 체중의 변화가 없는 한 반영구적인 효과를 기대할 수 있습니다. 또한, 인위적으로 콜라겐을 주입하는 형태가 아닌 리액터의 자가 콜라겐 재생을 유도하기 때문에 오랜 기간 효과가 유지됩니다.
=-=-=
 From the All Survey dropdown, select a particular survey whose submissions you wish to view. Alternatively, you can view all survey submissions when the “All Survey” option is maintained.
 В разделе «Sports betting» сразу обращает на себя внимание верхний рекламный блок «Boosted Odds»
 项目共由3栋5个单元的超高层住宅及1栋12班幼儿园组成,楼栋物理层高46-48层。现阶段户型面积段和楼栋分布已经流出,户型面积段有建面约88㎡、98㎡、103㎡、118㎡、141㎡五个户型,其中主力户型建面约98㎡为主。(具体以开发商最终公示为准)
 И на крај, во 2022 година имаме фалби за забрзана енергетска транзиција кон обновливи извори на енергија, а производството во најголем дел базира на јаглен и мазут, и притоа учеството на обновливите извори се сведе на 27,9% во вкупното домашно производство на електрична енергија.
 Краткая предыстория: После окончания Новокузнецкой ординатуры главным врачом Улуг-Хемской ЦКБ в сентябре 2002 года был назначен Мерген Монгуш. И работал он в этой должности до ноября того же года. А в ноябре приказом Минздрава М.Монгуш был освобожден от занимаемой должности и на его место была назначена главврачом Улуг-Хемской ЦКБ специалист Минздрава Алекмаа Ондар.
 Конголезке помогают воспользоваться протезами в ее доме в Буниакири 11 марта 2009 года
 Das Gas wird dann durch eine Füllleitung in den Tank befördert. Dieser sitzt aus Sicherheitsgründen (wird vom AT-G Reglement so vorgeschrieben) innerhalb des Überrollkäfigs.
=-=-=
Send back an exact copy of only the lines from the line with "From the All" up to and including the line with "项目共由3栋5个单元的超高层" in the data above.

 From the All Survey dropdown, select a particular survey whose submissions you wish to view. Alternatively, you can view all survey submissions when the “All Survey” option is maintained.
 В разделе «Sports betting» сразу обращает на себя внимание верхний рекламный блок «Boosted Odds»
 项目共由3栋5个单元的超高层住宅及1栋12班幼儿园组成,楼栋物理层高46-48层。现阶段户型面积段和楼栋分布已经流出,户型面积段有建面约88㎡、98㎡、103㎡、118㎡、141㎡五个户型,其中主力户型建面约98㎡为主。(具体以开发商最终公示为准)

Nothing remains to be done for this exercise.